Building elegant Conservation Economies with Web3 — Fanfire.

CollinSherriff
2 min readNov 4, 2021

In modern institutional economics, property rights endow owners with protection from expropriation, the entitlement to buy and sell what is owned, the right to extract utility from what is owned, and (arguably the most notable) the ability to exclude others from sharing in the benefit of what is owned.

In a nutshell, excluding others as a method of protecting your right is its main function. However, thanks to the power of economics and a nifty phenomenon known as Harberger Tax, the latter is not dependent on the former.

Protecting your property rights is possible without excluding others, in fact, it is more efficient (increasing economic welfare to society). It is also not necessary to compromise security of tenure to make property rights more accessible and open. Enter, Ronald Coase.

The Coase Theorem dictates that where there are perfectly competitive markets (with negligible transaction costs) and an efficient set of inputs and outputs, the most efficient outcome (equilibrium) will be chosen. (In reality, such perfect economic conditions are extremely unlikely ouside idealised models, resulting in the Theorem being used to explaining inefficiencies as opposed to providing real solutions.) This all changed with Web3 and Harberger Tax.

In short, Harberger Tax holds that owners must set a ‘next selling price’ of an asset owned - the owner will then pay a tax on this price. As Rational Choice Theory predicts, any rational actor will set this high enough to be de facto exclusionary, but also low enough to minimize tax. Individuals now have both a personal and social incentive to have “always on sale” (non-exclusionary) property rights - as nicely described in Simon de la Rouviere‘s blog.
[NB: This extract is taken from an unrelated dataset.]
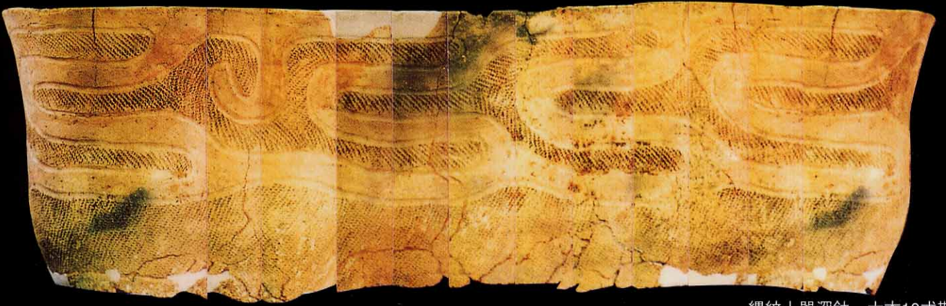
縄紋土器深鉢 大木10式期

Suddenly it is possible to channel this tax into any beneficiary and let market functions play out, automatically benefitting a cause.

“…strike a balance between pure private ownership & total commons ownership in order to increase general welfare of society.” — Simon de la Rouviere

Being at the forefront of Web3-based enablers, Fanfire, with its remarkable team of ‘OG’ blockchain devs, have seamlessly integrated previously idealised economic principles into real-world solutions. One of these solutions is based off of Harberger Tax and how it can substantially benefit sanctuaries and their conservation efforts; by allowing the public to ‘support conservation’ by ‘trading in conservation’ — cleverly incentivizing patronage using econ101.

Welcome to the world of Web3, where real-world problems are addressed using out-of-this-world tech.